• [What to work on]: Without the pictures, retype each line below exactly as it stands.

• [Stored data]:
= Beginning of Section =

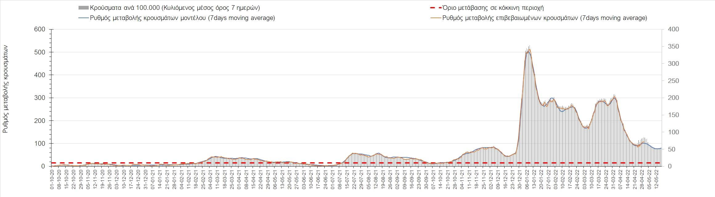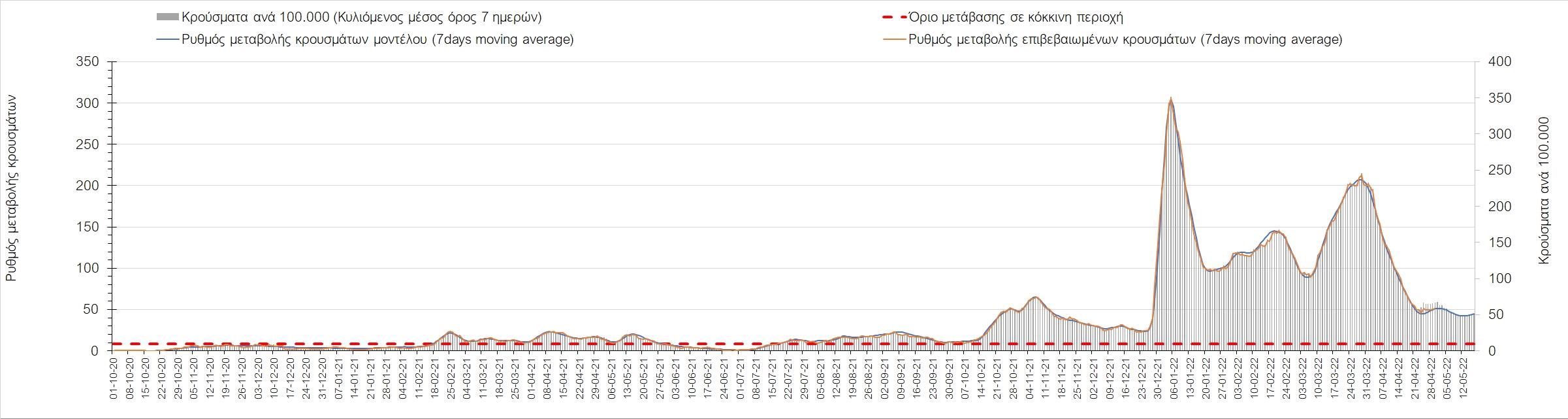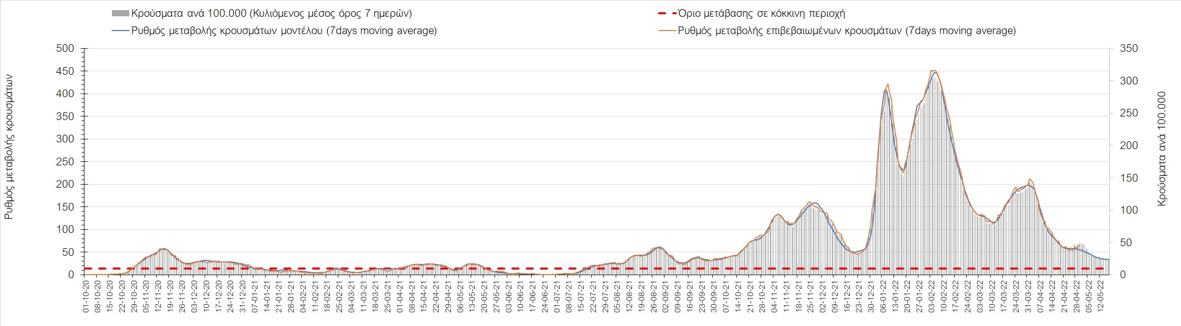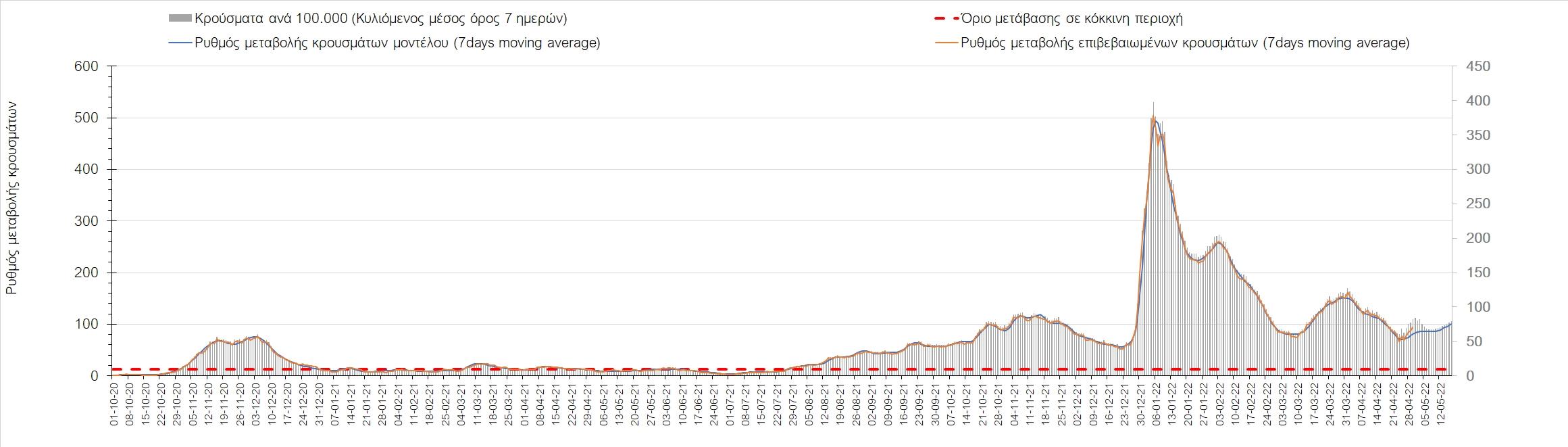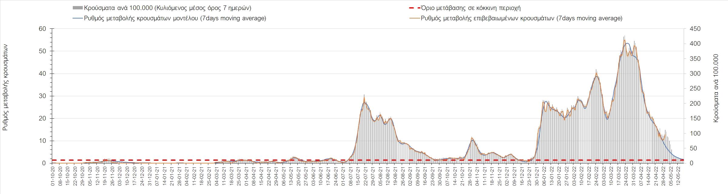 Η πτωτική πορεία των προηγούμενων δύο εβδομάδων έχει δώσει τη θέση της σε προσωρινή αναστροφή και αυτό αντικατοπτρίζεται και στον ημερήσιο αριθμό των κρουσμάτων (κυλιόμενος μέσος όρος 7 ημερών), ο οποίος εμφανίζει αύξηση σε σχέση με την Παρασκευή και πλησιάζει τις 6.500 (6.775). Παρόλο που δεν αναμένεται να έχει διάρκεια μεγαλύτερη από 4-5 ημέρες, για να επανέλθει η συστηματική αποκλιμάκωση της πανδημίας, πέρα από την εφαρμογή των μέτρων (σε συνδυασμό με την σημαντική συνειδητοποίηση εκ μέρους του πληθυσμού ότι χρειάζεται προσοχή και σύνεση για την αντιμετώπιση της διασποράς της παραλλαγής Ο), θα πρέπει να στοχεύσουμε στη διατήρηση και την επέκταση της επίκτητης ανοσίας του πληθυσμού, αλλά και στον μεγάλο αριθμό των τεστ συνολικά (μοριακά, rapid και self-test) που πραγματοποιούνται καθημερινά. Για αυτό το λόγο και με δεδομένη τη μεγάλη διασπορά στα σχολεία θεωρούμε πρόωρη την κατάργηση των self-test στα παιδιά σχολικής ηλικίας με την επιστροφή τους μετά την Πρωτομαγιά, ειδικά σε συνδυασμό με την ανοδική διακύμανση που παρατηρείται.
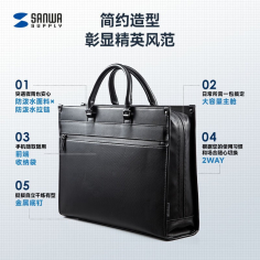 山业(SANWA SUPPLY)200-BAG124WP 收纳包 电脑包手提 防泼水大容量笔记本包 单肩包男 商务斜跨包 公文包日常通勤 15.6英寸 双仓收纳
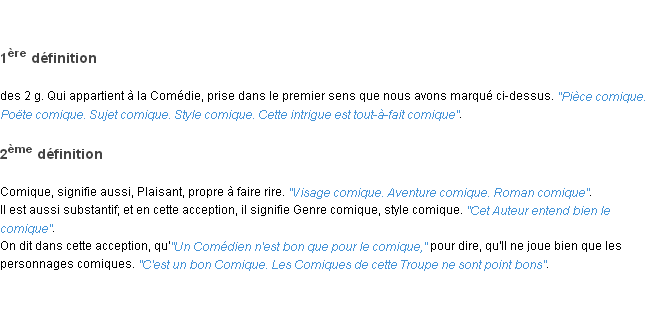 Définition « comique » du dictionnaire académique Français, parution de l’année 1986.
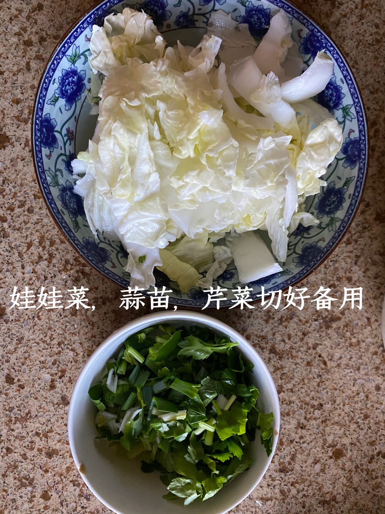 步骤4、娃娃菜,蒜苗,芹菜切好备用
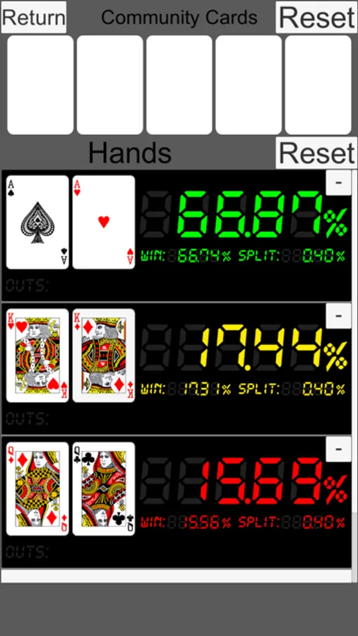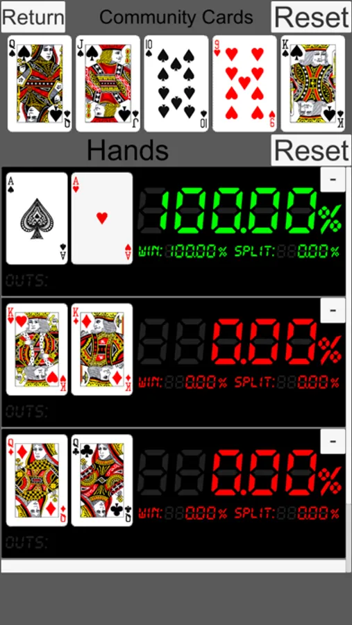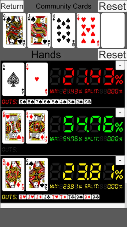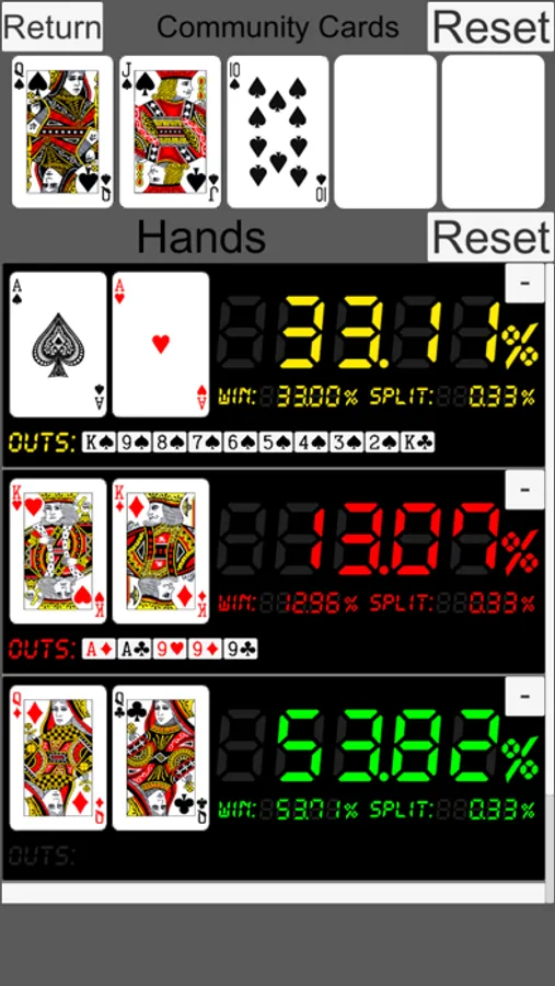 Equity and outs are calculated and displayed from cards.

= End of Section =

• [Finished task]:
 Η πτωτική πορεία των προηγούμενων δύο εβδομάδων έχει δώσει τη θέση της σε προσωρινή αναστροφή και αυτό αντικατοπτρίζεται και στον ημερήσιο αριθμό των κρουσμάτων (κυλιόμενος μέσος όρος 7 ημερών), ο οποίος εμφανίζει αύξηση σε σχέση με την Παρασκευή και πλησιάζει τις 6.500 (6.775). Παρόλο που δεν αναμένεται να έχει διάρκεια μεγαλύτερη από 4-5 ημέρες, για να επανέλθει η συστηματική αποκλιμάκωση της πανδημίας, πέρα από την εφαρμογή των μέτρων (σε συνδυασμό με την σημαντική συνειδητοποίηση εκ μέρους του πληθυσμού ότι χρειάζεται προσοχή και σύνεση για την αντιμετώπιση της διασποράς της παραλλαγής Ο), θα πρέπει να στοχεύσουμε στη διατήρηση και την επέκταση της επίκτητης ανοσίας του πληθυσμού, αλλά και στον μεγάλο αριθμό των τεστ συνολικά (μοριακά, rapid και self-test) που πραγματοποιούνται καθημερινά. Για αυτό το λόγο και με δεδομένη τη μεγάλη διασπορά στα σχολεία θεωρούμε πρόωρη την κατάργηση των self-test στα παιδιά σχολικής ηλικίας με την επιστροφή τους μετά την Πρωτομαγιά, ειδικά σε συνδυασμό με την ανοδική διακύμανση που παρατηρείται.
 山业(SANWA SUPPLY)200-BAG124WP 收纳包 电脑包手提 防泼水大容量笔记本包 单肩包男 商务斜跨包 公文包日常通勤 15.6英寸 双仓收纳
 Définition « comique » du dictionnaire académique Français, parution de l’année 1986.
 步骤4、娃娃菜,蒜苗,芹菜切好备用
 Equity and outs are calculated and displayed from cards.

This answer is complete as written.